→ **Data excerpts**:

· · · ·

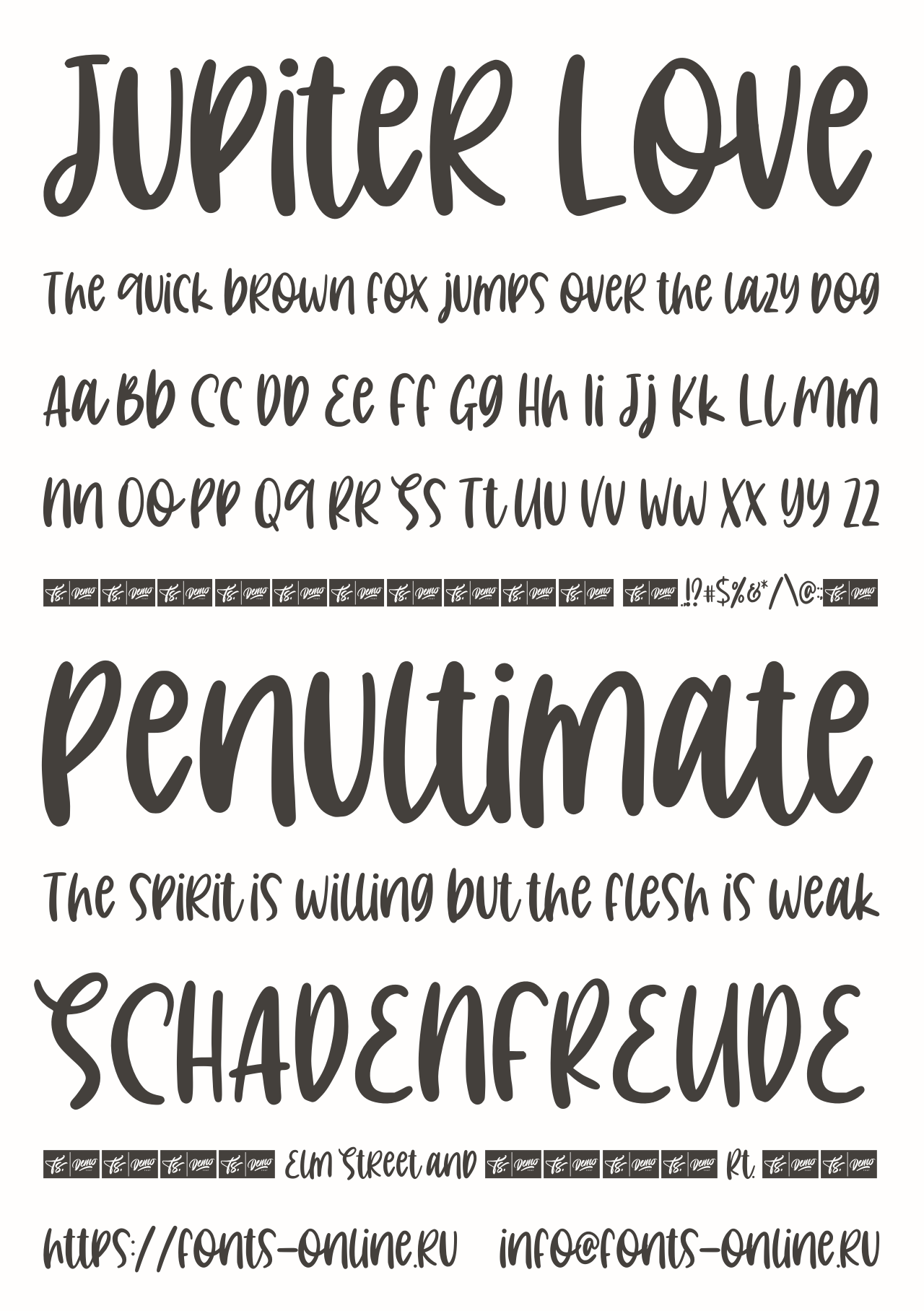 Шрифт Jupiter Love. Гарнитура содержит 2 файла и поддерживает 37 языков. Разработка Jupiter Love велась Typefar.
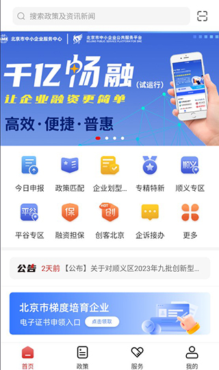 用户在登录完之后会进入到首页,可以进行今日申报、政策匹配等多种多样的功能服务,也可以查看当前的热点资讯。
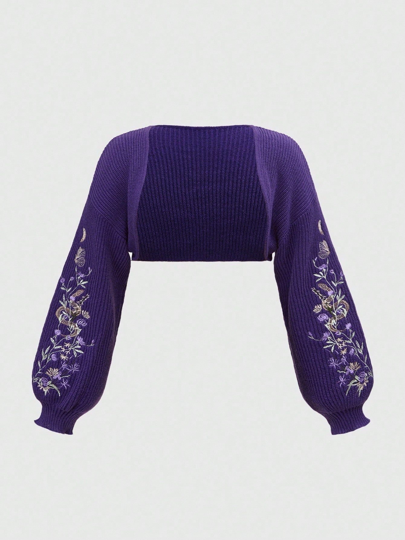 Plus Size Gothic Botanical Snake Embroidery Cropped Cardigan
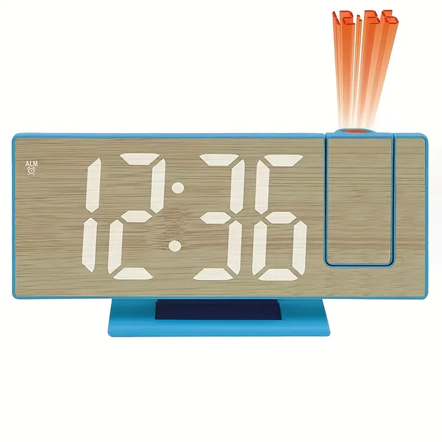 Настільний годинник будильник електронні з великими цифрами led + проекція на батарейках та від мережі, сині
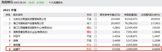 海南椰岛发布的半年报显示,赵建平进入公司前十大流通股东名单,报告期末共持有200万股。不过,由于海南椰岛前十大流通股东“进入门槛”较一季度末有所降低,因此无法断定其是第二季度买入还是此前已实施“潜伏”。
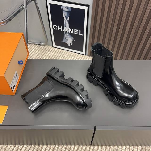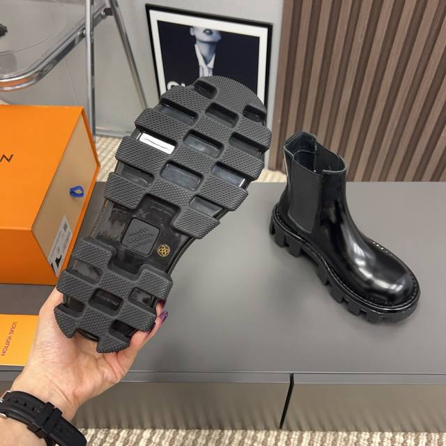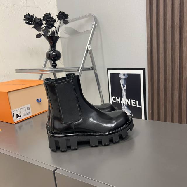 / 出厂:情侣 L*V驴家 Vs秋冬最新款短靴系列 情侣厚底松紧短靴 重工打造,法国代购原版回来,历经数月全部私模打造,确保所有用料、材质、制作工艺与原版一致! 面
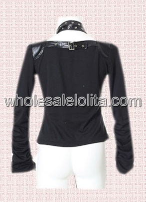new Black Long Sleeves Cotton Lolita Blouse with Leather
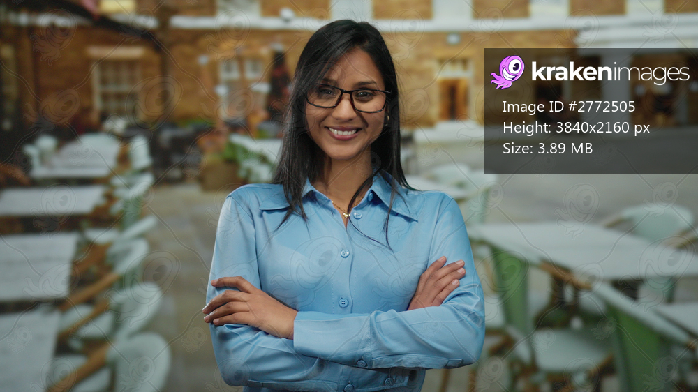 Woman smiling confidently with folded arms on a sunny restaurant terrace, wearing glasses and a blue shirt, capturing the essence of relaxed urban outdoor lifestyle. - Kraken Images
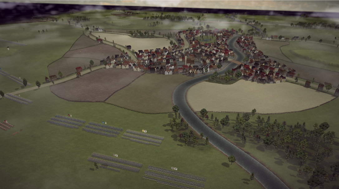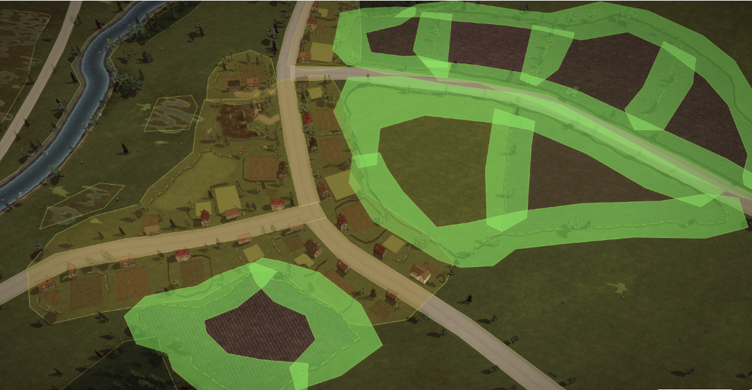 All cover zones have been expanded to be easier to utilize. Instead of needing to fit a regiment in a specific block of houses, you now get the cover of the buildings for just being in their general radius. Hedge cover has also been expanded to feel more consistent. Green zones in the picture below are hedge cover, yellow is for the town.
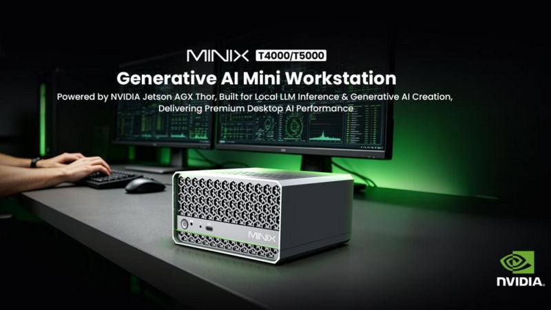 MINIX T4000/T5000 hadir dengan Ubuntu 24.04 LTS + NVIDIA JetPack 7.1, mendukung CUDA, TensorRT, dan NIM. Semua data diproses secara lokal untuk menjaga keamanan dan privasi, menjadikannya solusi ideal bagi perusahaan maupun kreator independen.
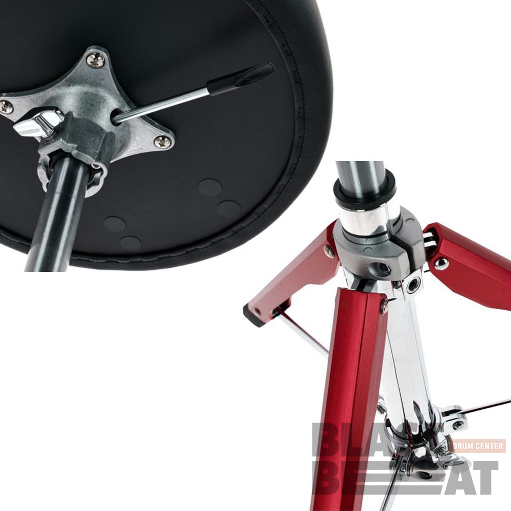 Круглый стул для барабанщика Pearl из серии Roadster D-1500RGL/R с красными ножками.
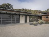 A gloomy dawn in the suburbs of Los Angeles, California. Modern architectural design of a residential house with a composite material roof. The house is surrounded by a vineyard and gravel road.

· · · ·

→ **What is required**:
Counting both ends, reproduce word for word the lines from the line with "Круглый стул для" to the final line of the listing above, skipping every picture.

→ **Response**:
 Круглый стул для барабанщика Pearl из серии Roadster D-1500RGL/R с красными ножками.
 A gloomy dawn in the suburbs of Los Angeles, California. Modern architectural design of a residential house with a composite material roof. The house is surrounded by a vineyard and gravel road.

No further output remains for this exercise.